Gandhi tuttavia, che pure portò l’India verso la più spinta occidentalizzazione politica, vale a
dire la costituzione di un moderno stato unitario e autonomo, non fu in grado di fermare la legge di
“una cosa tira l’altra” inducendo “i suoi discepoli a seguirlo sulla strada della rigida austerità
economica che questo modo di preservare l’indipendenza culturale indiana comportava” 13.
Alla luce di quanto si è detto in precedenza è chiaro che la via che Gandhi indicava all’India
moderna era quella zelota. Una via che fu immediatamente abbandonata già con Nerhu che impose
al paese una via erodiana fatta di modernizzazione e, sebbene con molte cautele, di avvicinamento
all’Occidente.
Ora, alla luce della nuova fase politica imposta dal Narendra Modi, viene da chiedersi se anche
l’India abbia, come hanno fatto Russia, Cina e Turchia, invertito la rotta e abbandonato quella strada
che, come aveva capito Gandhi, avrebbe portato il paese alla libertà e alla prosperità, ma al costo
della inevitabile perdita dell’anima indù e di una Tradizione percepita come sacra. In altra parole,
Modi, come Gandhi, sta tentando di rompere i legami del paese con la visione del mondo occidentale
per salvare l’anima indiana, così come, illudendosi di poter portare indietro le lancette della storia,
stanno facendo Putin, Erdogan e Xi Jinping? Gli indizi che testimoniano di questa svolte sono svariati,
a partire da una costante retorica fatta di esaltazione dei valori tradizionali, di marcato nazionalismo
di stampo induista e di avversione nei confronti dei valori occidentali e del processo di
secolarizzazione insito in essi14. Il fine ultimo di questo approccio è ovviamente quello di sradicare
dall’India tutto quanto di occidentale vi è stato innestato negli decenni passati, a partire dalla struttura
istituzionale che è stata data al paese, vale a dire il suo regime repubblicano (primato del diritto,
separazione dei poteri ect) e democratico15.

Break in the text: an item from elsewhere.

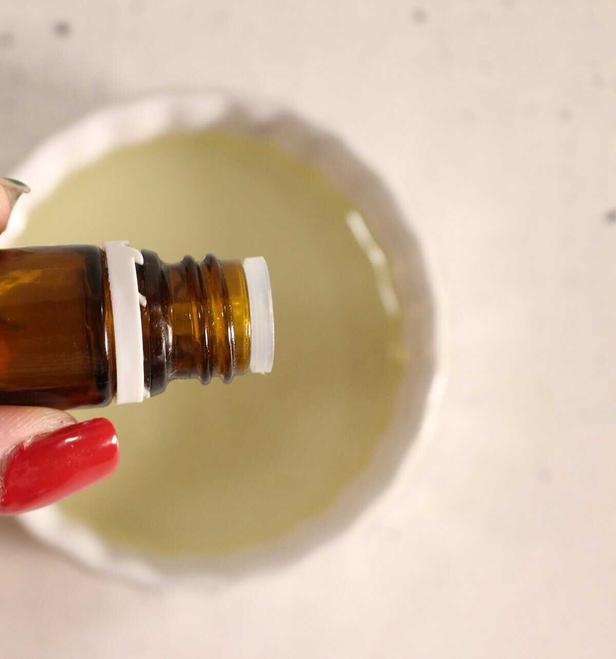 Add the essential oils to the infused oil and stir well to combine. This helps evenly distribute the scent throughout the scrub.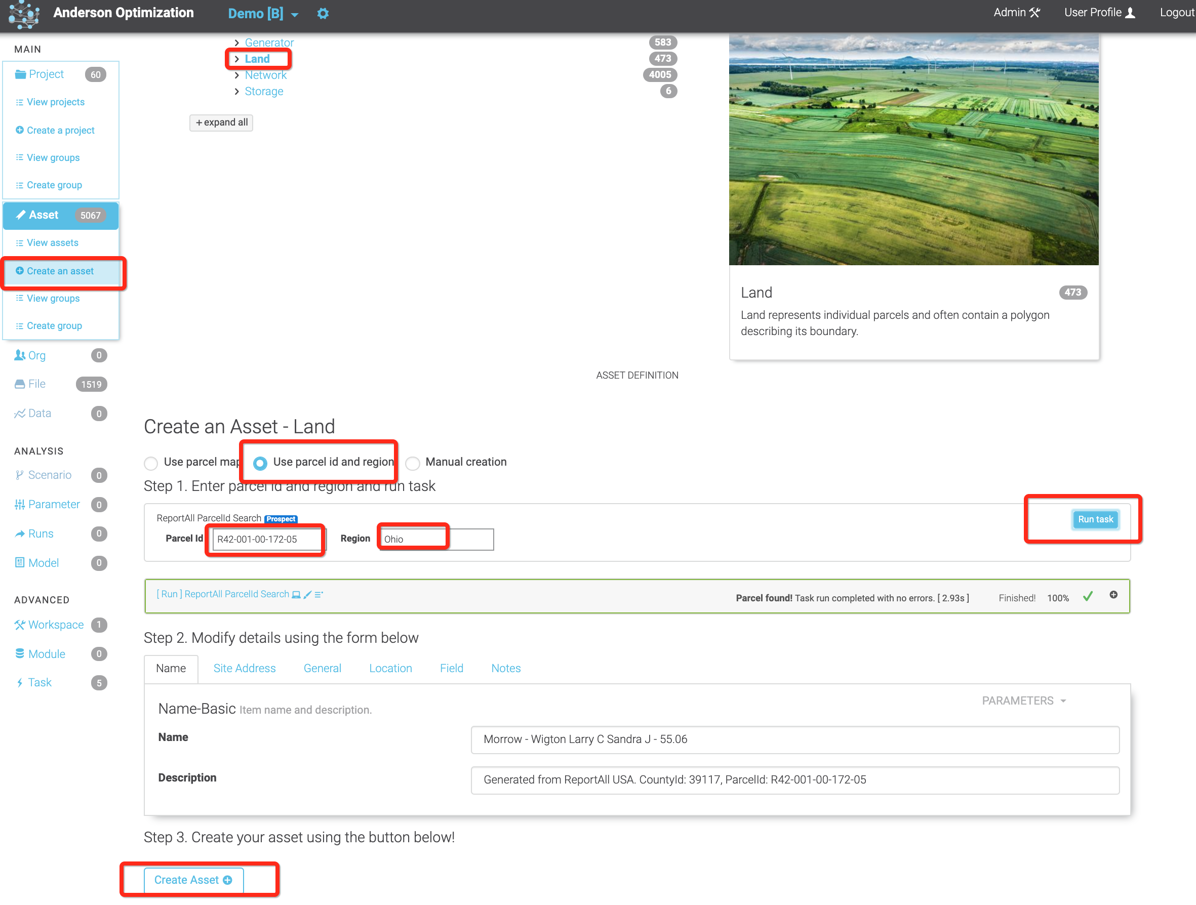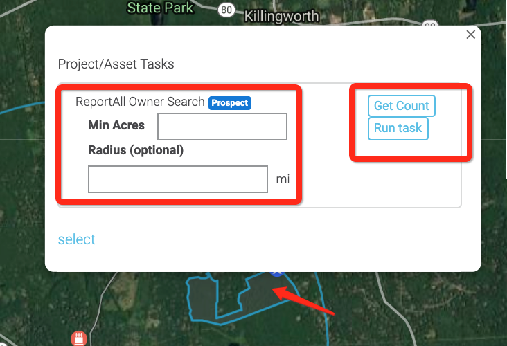 - Add an acreage (and a buffer for polyline), and use the Get Count & Run Task buttons as you would for a standard parcel search

Anche in India, dunque, gli erodiani sembrano aver fallito e gli zeloti stanno provano ad
ottenere una rivincita. Si spera solo che abbiano la consapevolezza che la società tradizionale che
stanno tentando di ricostruire non è una idilliaca arcadia, ma è il vecchio incubo del dispotismo
asiatico e di quella trappola malthusiana, fatta di carestie e pestilenze, che con costanza hanno
falcidiato milioni di essere umani.
L’India aspirava ad essere la più grande potenza del XXI secolo, se dovesse davvero cambiare
rotta e abbandonare la via della modernizzazione (economica, culturale e istituzionale16) vedrebbe in
poco tempo tutti i suoi sogni di gloria evaporare nel nulla.

13
A. Toynbee, Il mondo e l’Occidente, cit. pp. 82-83
14
Si veda, Shashi Tharoor, “The Modi-Erdoğan Parallel”, Project Syndicate, 7 giugno 2018. Si veda anche: Cordelia
Jenkins, “Narendra Modi: India’s strongman”, Financial Times, 15 maggio 2018.
15
Si veda, Manjari Chatterjee Miller, “India's Authoritarian Streak”, Foreign Affairs, 30 maggio 2028; Shashi Tharoor,
“An Assault on India’s Institutions”, Project Syndicate, 18 maggio 2018.
16
Si veda, Shashi Tharoor, “India’s War on Science”, Project Syndicate, 20 febbraio 2018. Dello stesso autore si veda
anche “The Two Backlashes Against Globalization”, 12 ottobre 2017.